Startup Probe failureThreshold	Set to 30 or higher (considering instance diversity)	High	Auto Mode automatically selects instance types, leading to significant startup time variance
terminationGracePeriodSeconds	90 seconds or more (for frequent node replacements)	Required	Higher frequency of automatic eviction during OS patching
readinessProbe periodSeconds	5 seconds (fast traffic switching)	High	Rapid Pod Ready state transition needed during node replacements
Container Network Observability	Enable (early detection of network anomalies)	Medium	Verify VPC CNI auto-tuning effectiveness
PodDisruptionBudget	Required (ensure availability during node replacement)	Required	PDB compliance during Auto Mode node replacement
Topology Spread Constraints	Explicitly specify node/AZ distribution	High	Auto Mode selects instances but distribution is the user's responsibility

Probe Configuration Differences: Auto Mode vs Manual Management

Manually Managed Cluster:

apiVersion: apps/v1
kind: Deployment
metadata:
  name: api-manual-cluster
spec:
  replicas: 3
  template:
    spec:
      nodeSelector:
        node.kubernetes.io/instance-type: m5.xlarge  # Fixed type
      containers:
      - name: api
        image: myapp/api:v1
        # Predictable startup time due to fixed instance type
        startupProbe:
          httpGet:
            path: /healthz
            port: 8080
          failureThreshold: 10  # Can be set low
          periodSeconds: 5
        readinessProbe:
          httpGet:
            path: /ready
            port: 8080
          periodSeconds: 5
        lifecycle:
          preStop:
            exec:
              command: ["/bin/sh", "-c", "sleep 5"]
      terminationGracePeriodSeconds: 60  # Standard setting

Auto Mode Cluster:

apiVersion: apps/v1
kind: Deployment
metadata:
  name: api-auto-mode
  annotations:
    # Auto Mode optimization hint
    eks.amazonaws.com/compute-type: "auto"
spec:
  replicas: 3
  template:
    metadata:
      labels:
        app: api
        # Auto Mode automatically selects the optimal instance
    spec:
      # No nodeSelector - Auto Mode selects automatically
      topologySpreadConstraints:
      - maxSkew: 1
        topologyKey: topology.kubernetes.io/zone
        whenUnsatisfiable: DoNotSchedule
        labelSelector:
          matchLabels:
            app: api
      containers:
      - name: api
        image: myapp/api:v1
        resources:
          requests:
            cpu: 500m
            memory: 1Gi
          # Auto Mode selects the optimal instance
        # Longer startup time considering instance diversity
        startupProbe:
          httpGet:
            path: /healthz
            port: 8080
          failureThreshold: 30  # Set high (to handle various instance types)
          periodSeconds: 5
        readinessProbe:
          httpGet:
            path: /ready
            port: 8080
          periodSeconds: 5
          failureThreshold: 2
        livenessProbe:
          httpGet:
            path: /healthz
            port: 8080
          periodSeconds: 10
          failureThreshold: 3
        lifecycle:
          preStop:
            exec:
              command: ["/bin/sh", "-c", "sleep 10"]  # Allow extra time
      terminationGracePeriodSeconds: 90  # For automatic OS patch eviction
---
apiVersion: policy/v1
kind: PodDisruptionBudget
metadata:
  name: api-pdb
spec:
  minAvailable: 2  # Ensure availability during Auto Mode node replacement
  selector:
    matchLabels:
      app: api

Handling Automatic OS Patch Eviction in Auto Mode

Auto Mode periodically replaces nodes for OS patching. Pod Eviction occurs automatically during this process.

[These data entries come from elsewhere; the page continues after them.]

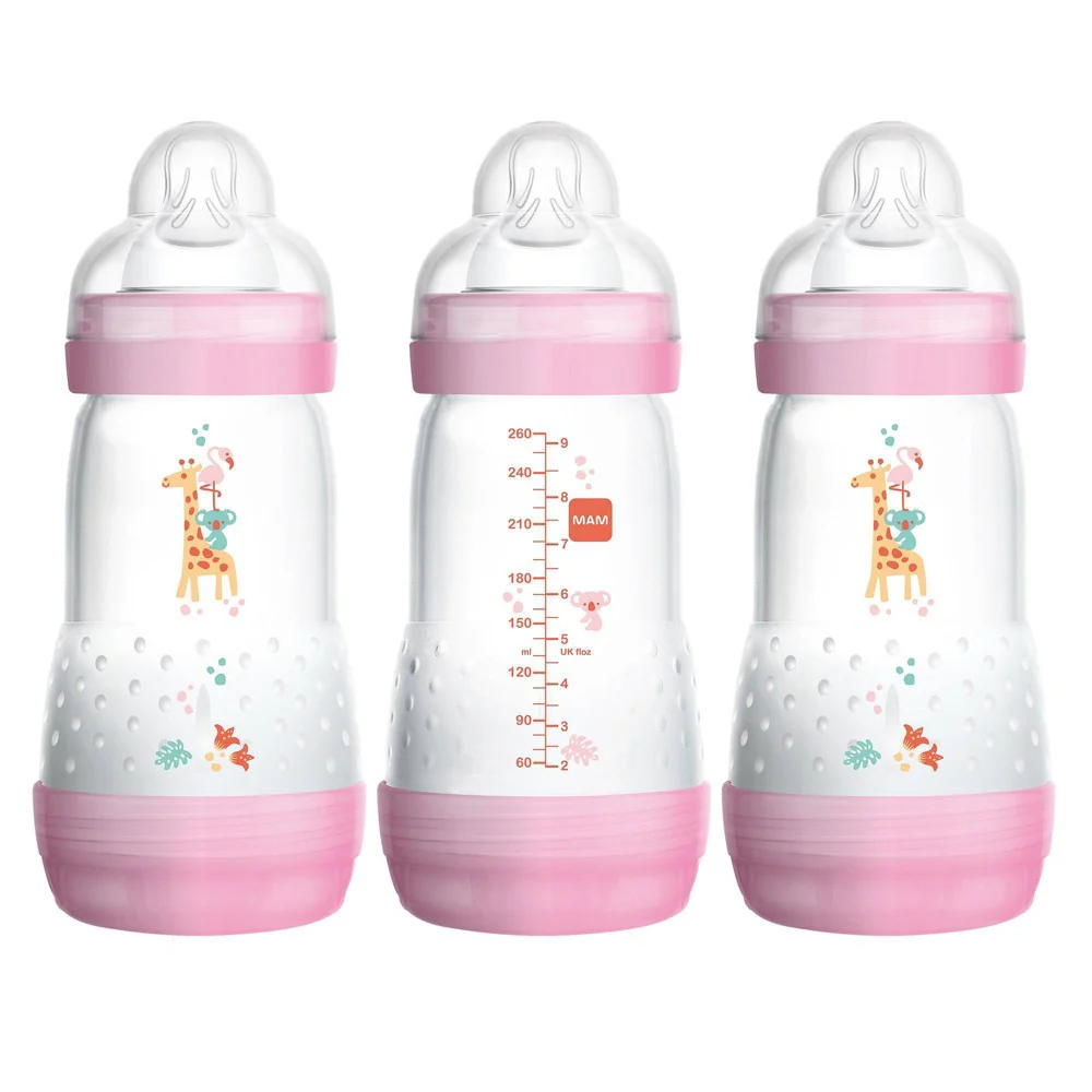 MAM Easy Active, Anti Colic Matte Bottle, 9oz Girl 3 Pack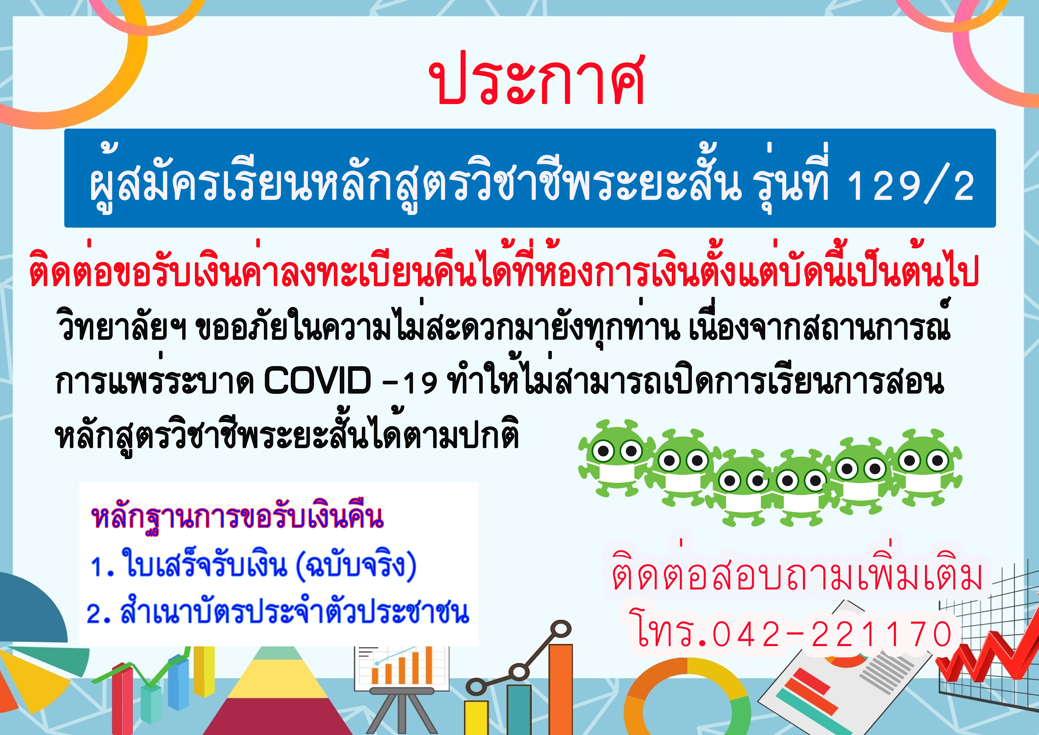 ผู้สมัครเรียนหลักสูตรวิชาชีพระยะสั้น รุ่นที่ 129/2 สามารถติดต่อขอรับค่าลงทะเบียนคืนได้ ณ ห้องการเงินตั้งแต่บัดนี้เป็นต้นไป ..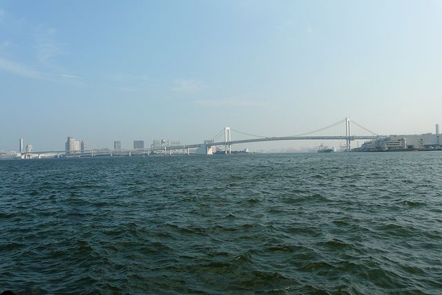 日ノ出桟橋に着きレインボーブリッジが正面に | |
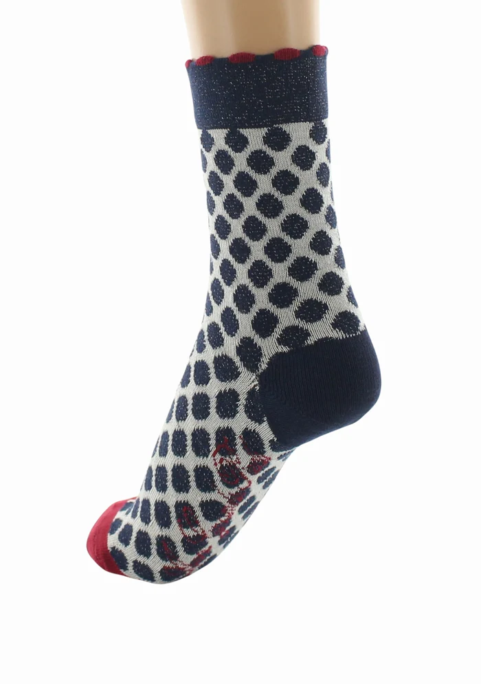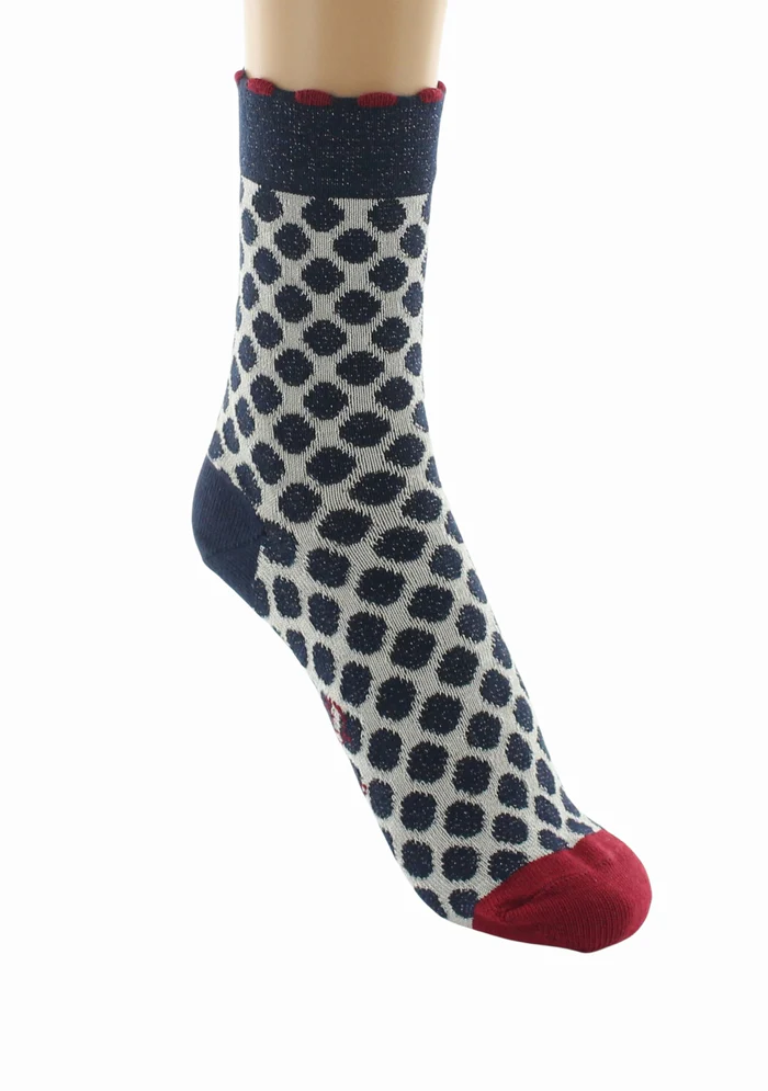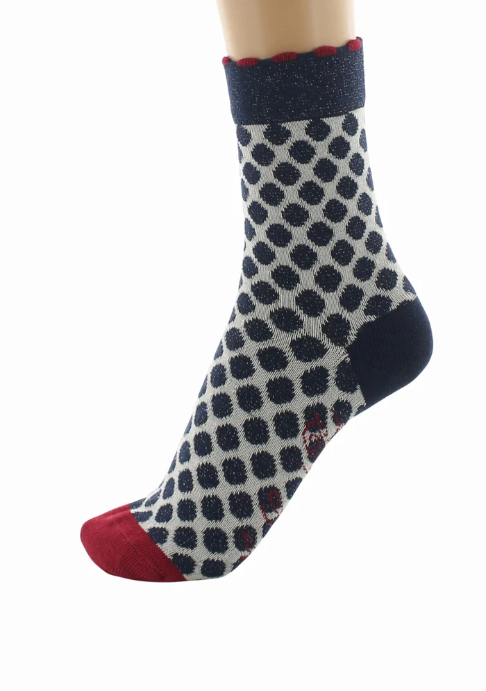 Les pois bleu marine pailletés prennent place sur un fond écru. Le haut de la tige est habillé de point gaufrés rouges. Le motif pois fait parti des modèles iconiques de la marque, un intemporel dont on ne se lasse pas !

OS Patch Eviction Scenario:

Monitoring Examples:

# Track Auto Mode node replacement events
kubectl get events --field-selector reason=Evicted --watch

# Check OS version per node
kubectl get nodes -o custom-columns=\
NAME:.metadata.name,\
OS_IMAGE:.status.nodeInfo.osImage,\
KERNEL:.status.nodeInfo.kernelVersion

# Check Auto Mode management status
kubectl get nodes -L eks.amazonaws.com/compute-type

Auto Mode Node Replacement Frequency

Auto Mode replaces nodes more frequently than manual management for security patches, performance optimization, and cost reduction (on average once every 2 weeks). Set terminationGracePeriodSeconds to 90 seconds or more and always configure PDB to enable node replacement without service disruption.

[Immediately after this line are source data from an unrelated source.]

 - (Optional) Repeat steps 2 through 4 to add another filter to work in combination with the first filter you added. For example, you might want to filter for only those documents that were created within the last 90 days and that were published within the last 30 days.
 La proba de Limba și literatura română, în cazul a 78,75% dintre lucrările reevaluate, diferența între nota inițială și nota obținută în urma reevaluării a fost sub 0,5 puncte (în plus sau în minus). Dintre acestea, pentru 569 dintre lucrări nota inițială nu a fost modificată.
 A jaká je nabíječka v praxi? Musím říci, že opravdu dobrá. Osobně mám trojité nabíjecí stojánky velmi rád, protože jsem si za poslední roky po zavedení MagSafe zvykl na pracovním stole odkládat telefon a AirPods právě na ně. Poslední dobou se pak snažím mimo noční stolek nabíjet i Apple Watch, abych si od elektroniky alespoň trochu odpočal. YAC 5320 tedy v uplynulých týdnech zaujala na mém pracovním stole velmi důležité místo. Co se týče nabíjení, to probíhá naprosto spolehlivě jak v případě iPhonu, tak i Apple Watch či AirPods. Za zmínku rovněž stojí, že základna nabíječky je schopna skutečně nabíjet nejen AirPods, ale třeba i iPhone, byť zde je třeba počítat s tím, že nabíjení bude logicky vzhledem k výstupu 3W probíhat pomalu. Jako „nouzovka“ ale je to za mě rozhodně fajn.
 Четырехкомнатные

Verifying Auto Mode Activation

# Check if the cluster is in Auto Mode
aws eks describe-cluster --name production-eks \
  --query 'cluster.computeConfig.enabled' \
  --output text

# Check Auto Mode nodes
kubectl get nodes -L eks.amazonaws.com/compute-type
# Example output:
# NAME                    COMPUTE-TYPE
# ip-10-0-1-100.ec2.internal   auto
# ip-10-0-2-200.ec2.internal   auto

Related Documentation:

7.5 AI/Agentic-Based Probe Optimization

This section covers how to automatically optimize Probe configurations and diagnose failures using the Agentic AI-based EKS operational patterns introduced in the AWS re:Invent 2025 CNS421 session.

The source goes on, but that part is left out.